[Task brief] Please output exactly the lines from the one that holds "At this point, we" through the final line of the data, and nothing else; leave out any pictures.

------ Provided material ------

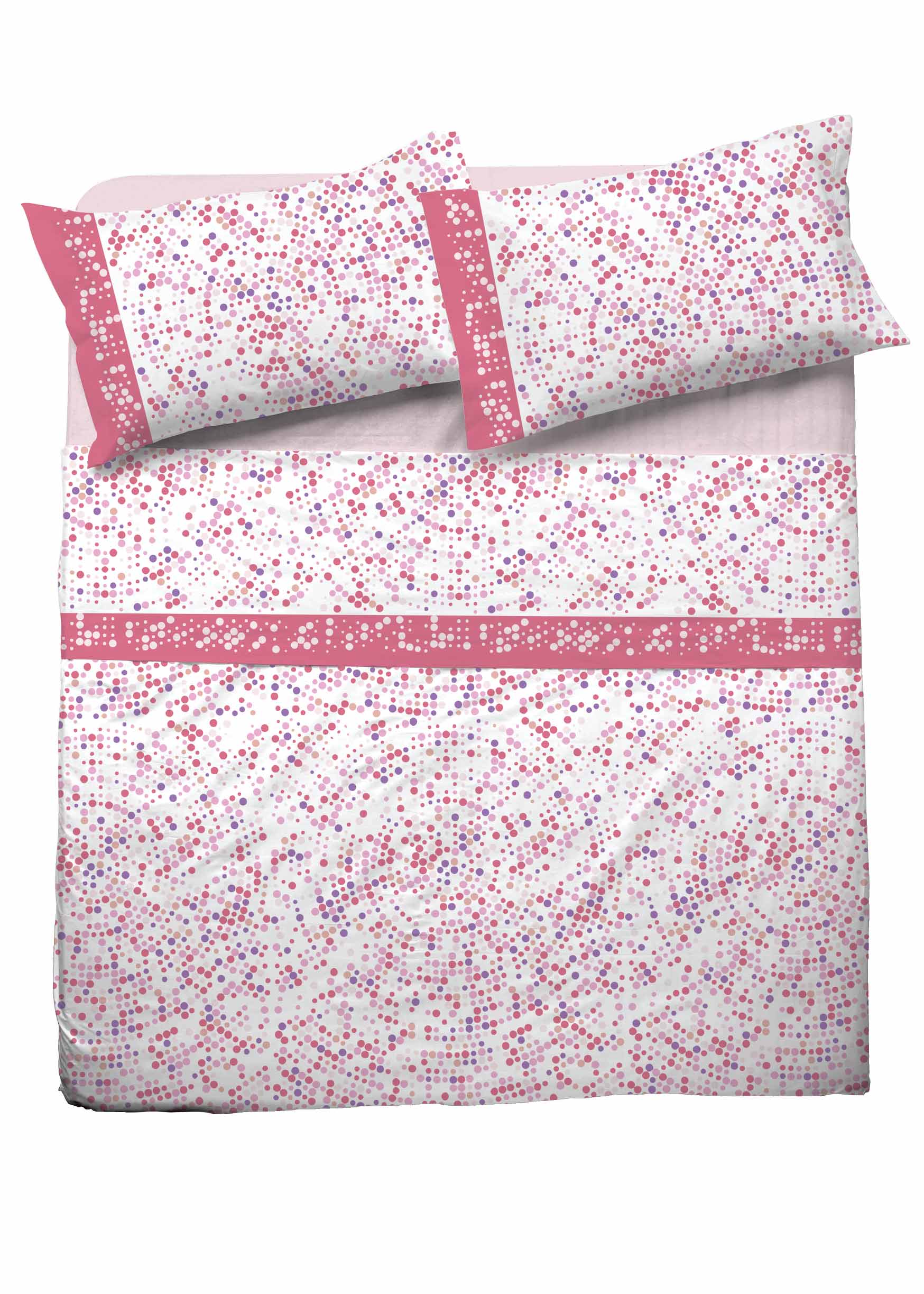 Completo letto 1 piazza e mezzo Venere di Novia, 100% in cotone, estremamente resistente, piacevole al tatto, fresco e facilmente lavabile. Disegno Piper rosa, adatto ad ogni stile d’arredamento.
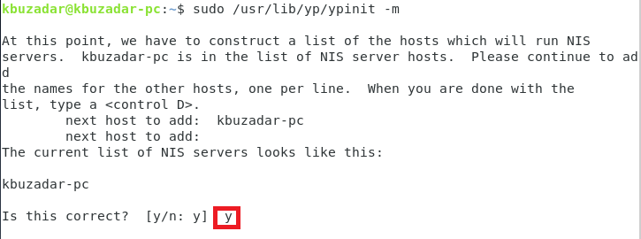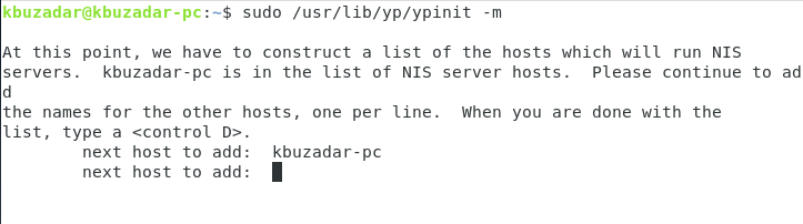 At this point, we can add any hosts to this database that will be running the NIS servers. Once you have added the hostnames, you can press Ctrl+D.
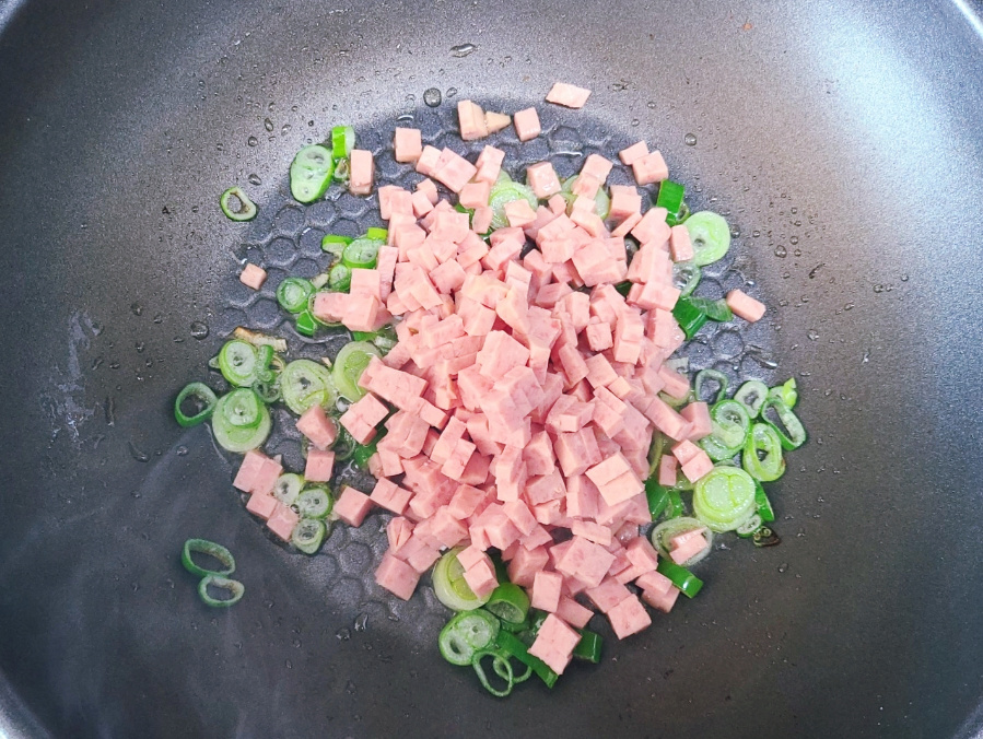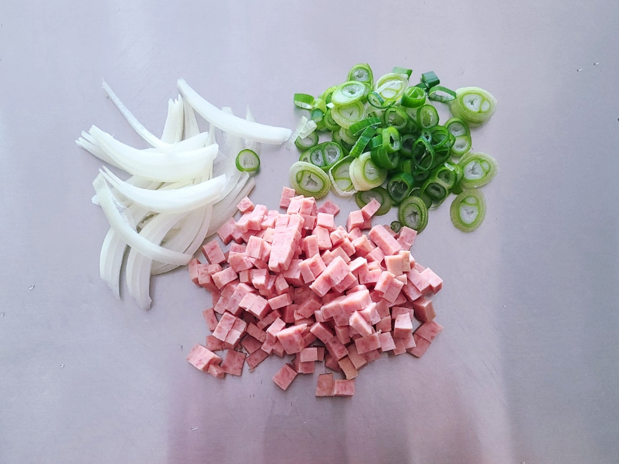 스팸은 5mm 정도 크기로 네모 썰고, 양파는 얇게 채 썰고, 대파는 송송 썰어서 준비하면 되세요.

------

[Written answer]
 At this point, we can add any hosts to this database that will be running the NIS servers. Once you have added the hostnames, you can press Ctrl+D.
 스팸은 5mm 정도 크기로 네모 썰고, 양파는 얇게 채 썰고, 대파는 송송 썰어서 준비하면 되세요.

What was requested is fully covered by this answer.